Mistral Vibe v2.11.1 brings several targeted improvements for teams running the agent programmatically or managing long, context-heavy sessions.

Programmatic Mode No Longer Auto-Approves Tool Calls (Breaking Change)

The most significant change in this release is a security default shift: programmatic mode (-p) no longer auto-approves tool calls by default.

Previously, running vibe -p in a CI pipeline or scripted environment would silently approve all tool calls β€” including destructive ones like file deletions or shell commands. This created a class of hard-to-debug production incidents where automated pipelines would approve actions that a human operator would have rejected.

With v2.11.1, programmatic mode requires explicit approval or a deliberate opt-in flag to restore the previous auto-approve behavior. Teams that rely on fully automated pipelines will need to update their invocations.

Custom Compaction Prompts

When the context window fills up, Vibe compacts the conversation history into a summary. Previously, the compaction format was fixed. Now, teams can define a compaction_prompt_id to control how this summarization is done.

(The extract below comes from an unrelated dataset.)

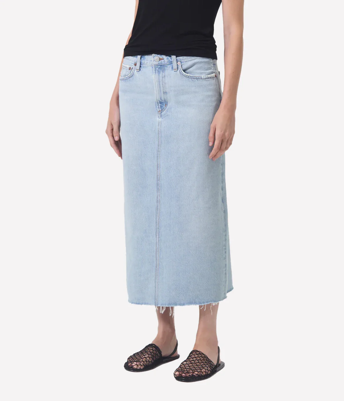 A sleek, ankle-grazing skirt crafted in light-washed indigo denim with a raw hem.

Custom compaction prompts can be stored in two locations:

  • ~/.vibe/prompts/ β€” user-level prompts, available across all projects
  • .vibe/prompts/ β€” project-level prompts, checked into the repository

This is especially useful for codebases with domain-specific conventions: teams can instruct Vibe to preserve architectural decisions, key variable names, or ongoing task state across compaction boundaries.

--max-tokens Hard Token Budget Flag

A new --max-tokens flag lets operators set a hard ceiling on token consumption per session. Once the session reaches the limit, Vibe stops generating and reports the budget exhaustion β€” rather than silently continuing and incurring unexpected costs.

This is particularly useful in cost-sensitive CI environments or when running Vibe on metered API keys with strict spend limits.

Browser Sign-In for Mistral Providers Now GA

The enable_experimental_browser_sign_in flag has been retired. Browser-based authentication for Mistral providers is now enabled by default and exits experimental status. Teams that had explicitly set this flag can remove it from their configuration.